AVAILABLE DATA →

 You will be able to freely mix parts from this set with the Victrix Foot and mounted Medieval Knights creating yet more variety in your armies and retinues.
==
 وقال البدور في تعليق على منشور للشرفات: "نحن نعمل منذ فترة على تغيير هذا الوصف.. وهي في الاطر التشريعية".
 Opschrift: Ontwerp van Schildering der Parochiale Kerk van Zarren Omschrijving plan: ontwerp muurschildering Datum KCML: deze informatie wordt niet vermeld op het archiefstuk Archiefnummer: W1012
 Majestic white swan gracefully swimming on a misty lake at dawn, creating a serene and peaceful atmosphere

WHAT IS EXPECTED → Search the records for the string "creating", and copy every line that holds it.

ANSWER BOX →
 You will be able to freely mix parts from this set with the Victrix Foot and mounted Medieval Knights creating yet more variety in your armies and retinues.
 Majestic white swan gracefully swimming on a misty lake at dawn, creating a serene and peaceful atmosphere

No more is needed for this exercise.